Read The Avenger 2 - The Yellow Hoard Online
Authors: Kenneth Robeson
“Yes. That was an attempt at double cross for which Borg would have paid later. Borg was going to keep all the gold himself.”
“He couldn’t have found it, with only four plates.”
“He counted on getting the fifth plate from one of our bodies when we’d been in our tomb long enough to die,” Benson pointed out. “Chandler, of course, didn’t even need to wait that long. He had seen the fifth plate, Alec Knight’s plate, and knew the whole message. He could have gone right to the treasure as soon as he’d killed everybody in his way with the rock slide.”
“You let him set off that explosion,” said Nellie, staring hard at the white, still face.
“Yes, I let him,” said Benson.
“And you knew which way the slide would go. Because you kept me from going to the side I thought was safe.”
“I knew,” Benson nodded quietly. “I scarcely even needed a look at the fissure to know that. Because that small crack was the only visible evidence of the last and greatest Aztec death trap of them all—designed as a last resort to protect their treasure from raiders. And since the hoard was buried on Borg’s side of the ridge, naturally any trap protecting it would be bound to send death on that side, no matter which way it seemed the avalanche would slide from an examination of the top of the ridge.”
The baleful colorless eyes stared at the tumbled tons of rock.

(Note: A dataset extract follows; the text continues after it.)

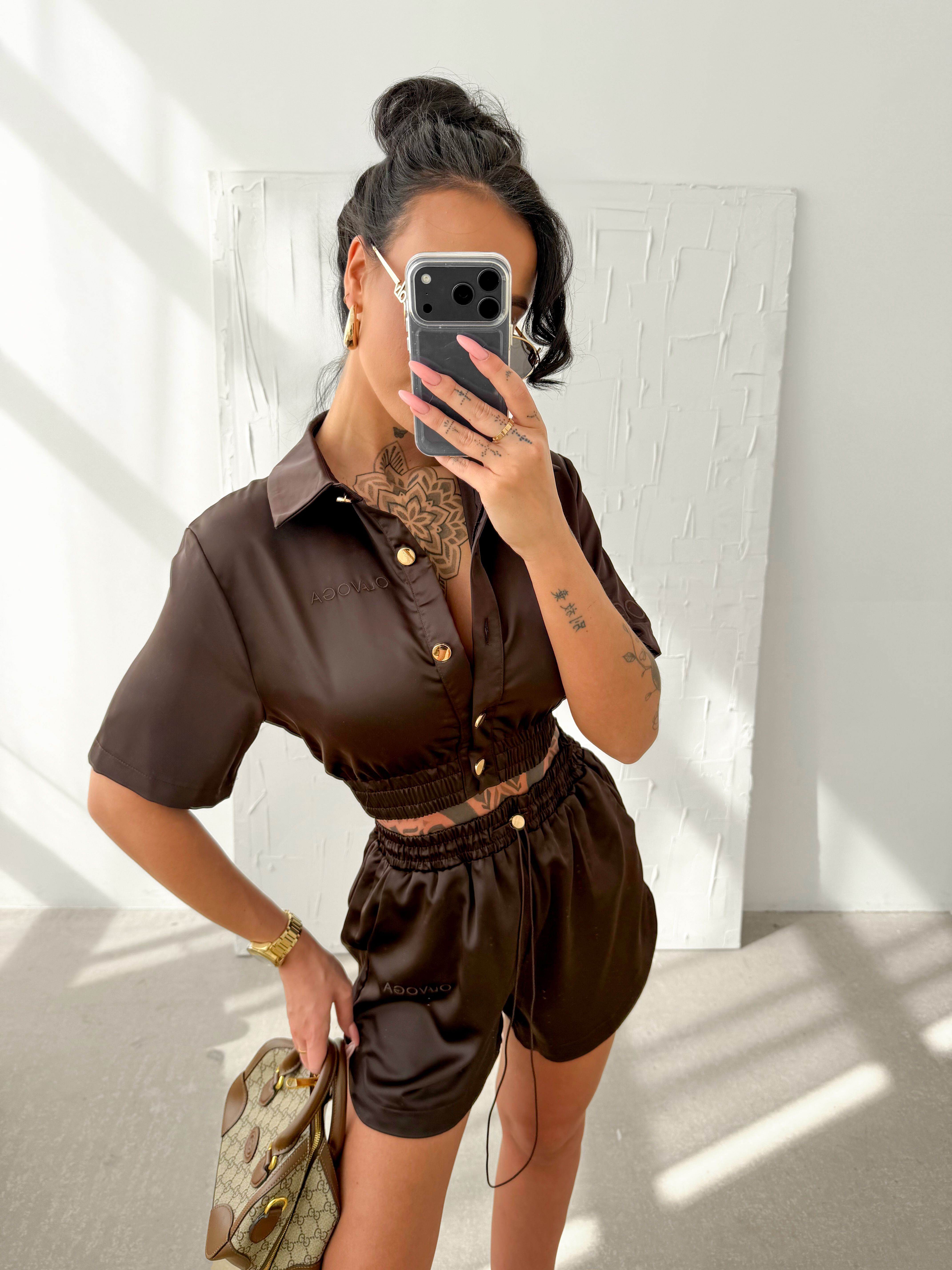 Komplet: koszula + szorty - koszula o skróconym kroju - klasyczny kołnierzyk - zapięcie na metaliczne logowane napy - satynowy połysk - dół koszuli wykończony elastycznym ściągaczem - haftowane logo brandu w dopasowanym kolorze - szorty o luźniejszym kroju - elastyczna talia z wiązaniem regulowanym na stoper - haftowane logo z kolorze tkaniny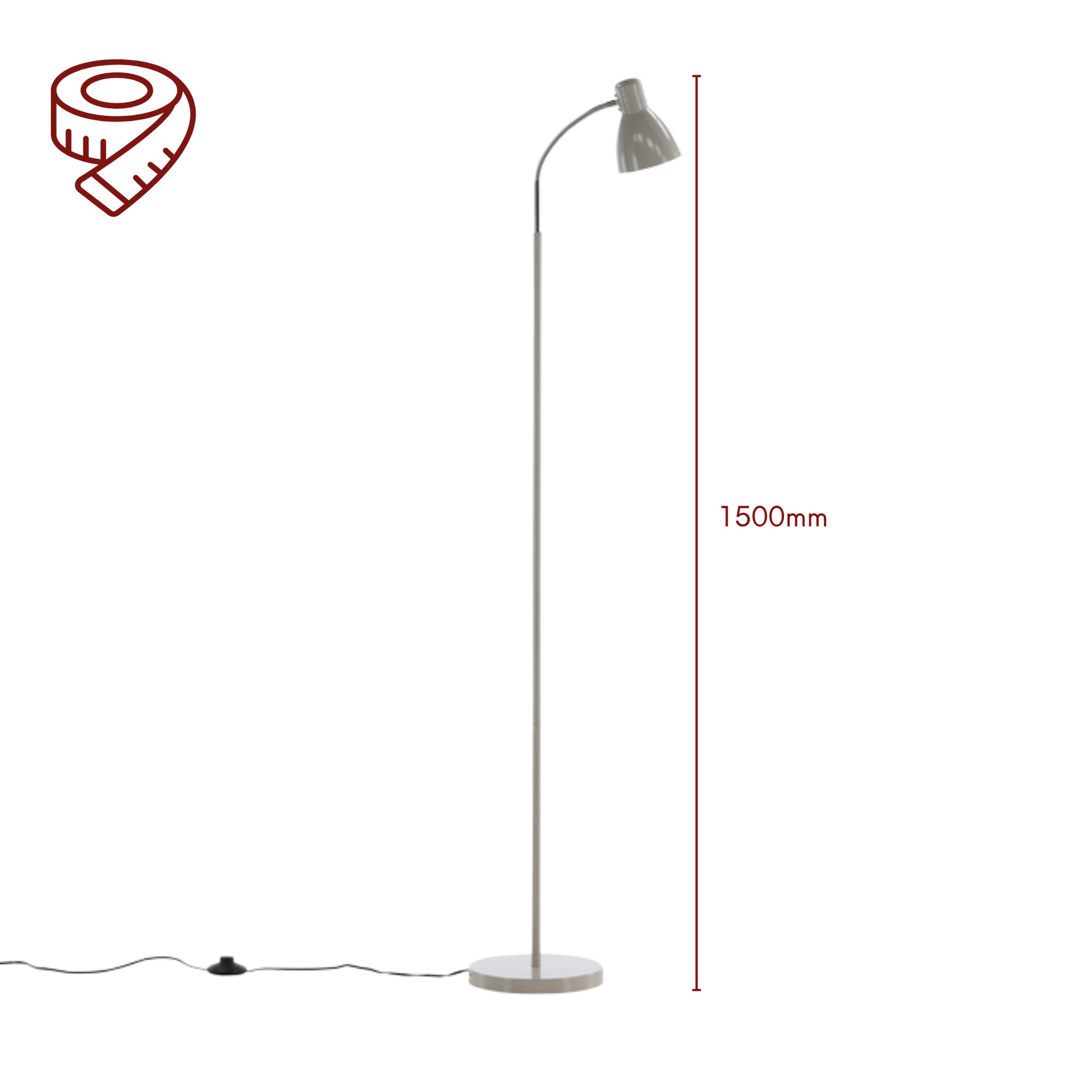 Das stabile Stahlgestell sorgt für sicheren Stand und eine langlebige Konstruktion. Mit ihrer Höhe von 150 cm bietet die Leuchte eine angenehme Lichtposition für den täglichen Einsatz.

“So I let Chandler destroy himself and his men as the ancient Aztecs would have destroyed them had they been here today to guard their treasure. If he was ruthless enough to scheme our deaths by the twitch of his trigger finger, let him bring on himself the fiendish fate he had hatched.”
The giant Smitty sighed. “Justice & Co.,” he murmured. But Mac had something else in mind.
“Whoosh! How d’ye know the treasure was on that side? Ye hunted on our side this mornin’.”
“I found it,” said Benson, voice as cold and emotionless as his dead face.
“Ye did? Then it’s under all that rock and no man will ever see it—”
“It is—under the third biggest boulder in the middle of the slide,” said Benson. “We can find it quite easily, whenever Nellie Gray wants it. It’s hers.”
Nellie shook her sleek blond head vigorously.
“It’s
ours.
We share alike. But I’ve a suggestion to make.” She stared very seriously at Benson. “I’d suggest that we leave it where it is as a sort of permanent and tremendous bank deposit, to be drawn on in a perpetual fight against crime. And I’d like to join in that fight. I want to work with you. I could do many valuable things that no man could do. And I . . . my father—”
She stopped for a moment and composed herself.
“Crime killed my father. I want to wipe that out by working against crime. With you.”
There was a pause. The pale, inexorable eyes searched her to the soul. Then Benson’s hand went out, and the steely fingers gave her hand a man’s grasp.
MacMurdie was his dour self again.
“Ye’re plannin’ great and noble things, my girl,” he glowered sarcastically. “But how’ll we get out to do ’em? We’re stuck here in the jungle. Our plane was blown up. The gang’s plane is under half of Mexico—”
“You pessimistic Scot!” said Smitty. “Haven’t you got feet? We’re hardly a hundred miles from the coast. There’ll be a coast town where we can get a tramp ship to an airport. All we’ll lose is a few days’ time.”
Wrangling amiably, they went to the edge of the cliff and started descending to make camp for the night. Nellie paused a moment beside the man who was now her chief.
He was staring with pale, basilisk eyes over the jumbled thousands of tons of rock. Thinking of the human rats lying beneath, sent to death by their own leader? No. Thinking of the vast wealth lying there to be tapped by themselves alone whenever they should need any of it? No.
Nellie didn’t think either of these things was behind the colorless eyes that flared like ice in a glacial dawn. She thought she knew what he was thinking.
Of a woman for whose sweetness he had lived; of a child for whose promise he had worked. Wife and small daughter, snatched from him by crime.
He was thinking of them—and dedicating his remaining bleak existence anew to the fighting of crime.
Nellie turned and went softly away, leaving him to the chill and dangerous immensity of his thoughts.